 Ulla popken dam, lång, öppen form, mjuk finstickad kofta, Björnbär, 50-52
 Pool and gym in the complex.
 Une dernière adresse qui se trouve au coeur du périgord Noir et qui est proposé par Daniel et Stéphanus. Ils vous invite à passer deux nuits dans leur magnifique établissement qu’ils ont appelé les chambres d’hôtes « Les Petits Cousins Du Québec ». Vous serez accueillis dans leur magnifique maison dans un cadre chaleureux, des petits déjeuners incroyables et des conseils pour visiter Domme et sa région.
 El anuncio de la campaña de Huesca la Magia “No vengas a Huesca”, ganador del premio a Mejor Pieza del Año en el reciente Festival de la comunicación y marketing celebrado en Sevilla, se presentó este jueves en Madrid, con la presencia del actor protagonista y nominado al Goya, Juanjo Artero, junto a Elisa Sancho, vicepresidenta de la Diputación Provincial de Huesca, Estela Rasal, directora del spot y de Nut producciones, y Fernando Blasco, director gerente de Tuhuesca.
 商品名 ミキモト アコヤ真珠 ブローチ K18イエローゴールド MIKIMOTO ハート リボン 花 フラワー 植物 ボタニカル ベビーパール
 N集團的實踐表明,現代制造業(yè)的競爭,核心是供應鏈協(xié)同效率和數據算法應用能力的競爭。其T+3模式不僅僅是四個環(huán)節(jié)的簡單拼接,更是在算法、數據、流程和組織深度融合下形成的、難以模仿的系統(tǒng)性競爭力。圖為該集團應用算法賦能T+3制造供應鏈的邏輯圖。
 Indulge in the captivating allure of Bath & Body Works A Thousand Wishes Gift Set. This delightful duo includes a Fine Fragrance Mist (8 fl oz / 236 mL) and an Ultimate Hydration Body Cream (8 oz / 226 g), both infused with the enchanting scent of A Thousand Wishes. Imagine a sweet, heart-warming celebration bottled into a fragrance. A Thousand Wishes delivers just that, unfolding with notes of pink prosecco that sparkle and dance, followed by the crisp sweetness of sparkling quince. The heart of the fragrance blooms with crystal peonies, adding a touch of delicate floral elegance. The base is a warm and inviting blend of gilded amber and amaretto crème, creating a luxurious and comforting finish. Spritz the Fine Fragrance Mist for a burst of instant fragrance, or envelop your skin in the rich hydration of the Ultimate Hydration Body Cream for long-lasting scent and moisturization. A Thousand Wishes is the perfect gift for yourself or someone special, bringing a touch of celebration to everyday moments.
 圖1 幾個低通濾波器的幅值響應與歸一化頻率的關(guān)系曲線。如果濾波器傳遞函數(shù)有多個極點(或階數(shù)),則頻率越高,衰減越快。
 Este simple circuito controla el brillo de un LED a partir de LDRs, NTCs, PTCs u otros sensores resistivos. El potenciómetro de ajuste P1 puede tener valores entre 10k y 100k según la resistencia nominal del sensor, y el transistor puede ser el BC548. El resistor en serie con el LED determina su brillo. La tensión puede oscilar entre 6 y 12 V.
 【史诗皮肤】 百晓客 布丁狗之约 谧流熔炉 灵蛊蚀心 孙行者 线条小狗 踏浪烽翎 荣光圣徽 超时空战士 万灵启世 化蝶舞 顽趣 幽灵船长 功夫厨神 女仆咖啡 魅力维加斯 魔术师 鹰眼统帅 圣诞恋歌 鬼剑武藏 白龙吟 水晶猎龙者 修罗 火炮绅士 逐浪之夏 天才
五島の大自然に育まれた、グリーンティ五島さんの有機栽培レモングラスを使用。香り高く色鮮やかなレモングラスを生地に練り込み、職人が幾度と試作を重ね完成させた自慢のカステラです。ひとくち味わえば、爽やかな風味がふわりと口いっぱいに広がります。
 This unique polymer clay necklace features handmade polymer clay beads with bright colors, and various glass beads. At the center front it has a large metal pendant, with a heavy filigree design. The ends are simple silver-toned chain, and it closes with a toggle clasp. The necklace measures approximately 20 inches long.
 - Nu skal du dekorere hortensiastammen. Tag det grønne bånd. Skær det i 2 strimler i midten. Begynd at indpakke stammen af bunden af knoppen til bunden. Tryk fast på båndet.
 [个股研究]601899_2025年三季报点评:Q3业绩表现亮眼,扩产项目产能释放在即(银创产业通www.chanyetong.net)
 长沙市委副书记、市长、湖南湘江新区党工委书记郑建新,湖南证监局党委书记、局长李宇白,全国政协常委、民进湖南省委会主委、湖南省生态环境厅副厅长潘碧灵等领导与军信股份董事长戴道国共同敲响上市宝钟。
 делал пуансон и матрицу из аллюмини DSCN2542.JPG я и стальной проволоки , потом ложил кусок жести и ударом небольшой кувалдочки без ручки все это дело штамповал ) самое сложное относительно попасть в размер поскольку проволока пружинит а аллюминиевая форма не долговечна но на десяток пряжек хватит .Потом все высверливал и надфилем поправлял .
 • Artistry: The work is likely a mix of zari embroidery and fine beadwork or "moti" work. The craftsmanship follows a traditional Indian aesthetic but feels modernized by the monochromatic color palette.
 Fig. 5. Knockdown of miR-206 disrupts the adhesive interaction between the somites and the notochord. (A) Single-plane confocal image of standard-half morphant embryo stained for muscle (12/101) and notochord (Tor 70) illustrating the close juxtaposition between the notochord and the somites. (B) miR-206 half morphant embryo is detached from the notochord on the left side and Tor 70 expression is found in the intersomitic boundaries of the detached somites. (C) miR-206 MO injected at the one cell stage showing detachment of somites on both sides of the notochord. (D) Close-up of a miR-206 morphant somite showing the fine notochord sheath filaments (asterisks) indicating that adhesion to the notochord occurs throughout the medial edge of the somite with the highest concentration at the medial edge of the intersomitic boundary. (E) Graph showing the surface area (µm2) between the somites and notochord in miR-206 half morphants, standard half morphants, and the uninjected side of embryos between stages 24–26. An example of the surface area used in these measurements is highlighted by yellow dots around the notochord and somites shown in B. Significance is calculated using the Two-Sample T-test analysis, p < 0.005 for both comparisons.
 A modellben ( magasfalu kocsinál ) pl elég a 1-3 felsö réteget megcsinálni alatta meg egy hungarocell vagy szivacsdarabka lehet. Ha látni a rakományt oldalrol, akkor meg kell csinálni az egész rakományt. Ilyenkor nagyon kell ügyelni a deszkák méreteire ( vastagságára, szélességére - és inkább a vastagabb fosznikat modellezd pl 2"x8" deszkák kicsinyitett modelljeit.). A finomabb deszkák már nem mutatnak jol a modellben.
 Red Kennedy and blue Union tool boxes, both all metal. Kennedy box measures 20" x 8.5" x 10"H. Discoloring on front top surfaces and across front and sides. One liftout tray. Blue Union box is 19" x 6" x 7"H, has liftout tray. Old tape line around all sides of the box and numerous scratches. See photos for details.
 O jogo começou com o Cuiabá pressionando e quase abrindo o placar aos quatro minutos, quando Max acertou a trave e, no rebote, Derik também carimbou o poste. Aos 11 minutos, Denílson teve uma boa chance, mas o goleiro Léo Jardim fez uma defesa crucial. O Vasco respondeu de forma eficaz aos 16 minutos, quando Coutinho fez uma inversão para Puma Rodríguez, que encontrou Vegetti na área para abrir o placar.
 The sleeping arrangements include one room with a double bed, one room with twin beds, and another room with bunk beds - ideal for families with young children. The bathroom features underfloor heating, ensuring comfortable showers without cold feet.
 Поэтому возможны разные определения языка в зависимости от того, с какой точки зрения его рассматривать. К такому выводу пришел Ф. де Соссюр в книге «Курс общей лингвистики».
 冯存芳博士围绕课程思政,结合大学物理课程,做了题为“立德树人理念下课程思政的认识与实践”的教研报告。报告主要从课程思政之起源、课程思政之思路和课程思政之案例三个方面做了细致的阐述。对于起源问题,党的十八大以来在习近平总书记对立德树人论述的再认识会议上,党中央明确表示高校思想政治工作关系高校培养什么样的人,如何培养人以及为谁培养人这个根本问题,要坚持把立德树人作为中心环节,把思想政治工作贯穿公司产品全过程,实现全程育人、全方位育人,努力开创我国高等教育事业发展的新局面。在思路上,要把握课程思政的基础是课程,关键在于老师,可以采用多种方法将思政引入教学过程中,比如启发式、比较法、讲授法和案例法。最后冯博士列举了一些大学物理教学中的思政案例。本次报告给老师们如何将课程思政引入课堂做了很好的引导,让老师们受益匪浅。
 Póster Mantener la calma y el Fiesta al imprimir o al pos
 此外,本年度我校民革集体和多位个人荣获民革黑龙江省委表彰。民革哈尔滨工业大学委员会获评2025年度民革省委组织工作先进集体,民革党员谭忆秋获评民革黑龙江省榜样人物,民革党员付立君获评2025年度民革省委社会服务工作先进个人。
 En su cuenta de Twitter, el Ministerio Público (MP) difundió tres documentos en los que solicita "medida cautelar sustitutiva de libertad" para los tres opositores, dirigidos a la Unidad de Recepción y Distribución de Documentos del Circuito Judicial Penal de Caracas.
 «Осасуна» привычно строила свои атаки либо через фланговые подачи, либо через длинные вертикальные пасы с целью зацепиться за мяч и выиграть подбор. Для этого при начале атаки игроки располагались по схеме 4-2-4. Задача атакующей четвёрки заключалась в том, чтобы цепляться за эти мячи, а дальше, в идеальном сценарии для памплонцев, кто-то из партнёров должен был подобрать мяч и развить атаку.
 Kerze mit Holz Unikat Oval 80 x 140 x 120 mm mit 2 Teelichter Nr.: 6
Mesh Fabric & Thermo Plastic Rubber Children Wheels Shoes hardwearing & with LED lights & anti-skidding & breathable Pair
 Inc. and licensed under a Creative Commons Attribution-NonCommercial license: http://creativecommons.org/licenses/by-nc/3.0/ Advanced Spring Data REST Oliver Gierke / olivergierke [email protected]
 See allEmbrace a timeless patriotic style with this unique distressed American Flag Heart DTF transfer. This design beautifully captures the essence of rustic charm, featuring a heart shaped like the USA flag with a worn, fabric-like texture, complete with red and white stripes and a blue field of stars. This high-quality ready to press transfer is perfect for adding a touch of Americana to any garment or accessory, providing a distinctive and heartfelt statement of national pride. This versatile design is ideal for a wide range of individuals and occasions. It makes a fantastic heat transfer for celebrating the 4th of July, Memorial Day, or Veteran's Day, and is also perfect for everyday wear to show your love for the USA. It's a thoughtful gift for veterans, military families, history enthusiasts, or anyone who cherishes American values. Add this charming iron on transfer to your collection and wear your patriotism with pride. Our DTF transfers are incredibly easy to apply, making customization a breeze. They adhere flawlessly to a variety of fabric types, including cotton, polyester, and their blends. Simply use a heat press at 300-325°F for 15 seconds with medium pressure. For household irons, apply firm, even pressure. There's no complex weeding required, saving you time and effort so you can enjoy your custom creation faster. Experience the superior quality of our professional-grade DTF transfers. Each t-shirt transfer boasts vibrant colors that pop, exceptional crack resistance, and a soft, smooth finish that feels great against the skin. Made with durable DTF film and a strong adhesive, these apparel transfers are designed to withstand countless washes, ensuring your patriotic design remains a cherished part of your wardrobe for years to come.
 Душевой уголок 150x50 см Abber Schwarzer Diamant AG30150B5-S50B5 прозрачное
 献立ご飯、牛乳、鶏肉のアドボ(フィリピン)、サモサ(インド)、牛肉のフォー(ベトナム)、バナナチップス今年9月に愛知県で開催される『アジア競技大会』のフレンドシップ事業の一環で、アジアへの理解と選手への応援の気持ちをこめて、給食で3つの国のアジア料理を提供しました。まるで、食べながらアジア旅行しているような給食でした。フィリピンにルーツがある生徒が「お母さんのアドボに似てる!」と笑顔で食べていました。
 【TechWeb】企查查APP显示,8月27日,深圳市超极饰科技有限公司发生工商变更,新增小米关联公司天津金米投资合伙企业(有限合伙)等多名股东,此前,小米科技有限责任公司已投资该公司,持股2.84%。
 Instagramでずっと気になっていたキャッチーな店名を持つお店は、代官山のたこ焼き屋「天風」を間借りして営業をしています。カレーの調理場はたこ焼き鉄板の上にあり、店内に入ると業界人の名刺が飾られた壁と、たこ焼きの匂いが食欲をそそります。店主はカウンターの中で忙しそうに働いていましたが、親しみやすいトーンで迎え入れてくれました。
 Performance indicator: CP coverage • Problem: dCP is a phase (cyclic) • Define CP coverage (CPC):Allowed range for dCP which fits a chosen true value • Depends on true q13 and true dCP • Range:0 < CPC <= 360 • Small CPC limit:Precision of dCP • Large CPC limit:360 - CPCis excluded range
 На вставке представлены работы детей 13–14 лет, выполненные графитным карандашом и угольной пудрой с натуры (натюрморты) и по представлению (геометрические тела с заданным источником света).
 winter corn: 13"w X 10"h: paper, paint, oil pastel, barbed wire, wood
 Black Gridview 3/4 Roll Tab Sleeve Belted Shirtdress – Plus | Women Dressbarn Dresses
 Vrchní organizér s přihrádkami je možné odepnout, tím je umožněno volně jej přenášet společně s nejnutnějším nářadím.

• • • • •

- [Work request]:
The lines above, starting at the one with "Póster Mantener la" and ending at the one with "En su cuenta", are the only ones to return, exactly as written.

- [Solution to this problem]:
 Póster Mantener la calma y el Fiesta al imprimir o al pos
 此外,本年度我校民革集体和多位个人荣获民革黑龙江省委表彰。民革哈尔滨工业大学委员会获评2025年度民革省委组织工作先进集体,民革党员谭忆秋获评民革黑龙江省榜样人物,民革党员付立君获评2025年度民革省委社会服务工作先进个人。
 En su cuenta de Twitter, el Ministerio Público (MP) difundió tres documentos en los que solicita "medida cautelar sustitutiva de libertad" para los tres opositores, dirigidos a la Unidad de Recepción y Distribución de Documentos del Circuito Judicial Penal de Caracas.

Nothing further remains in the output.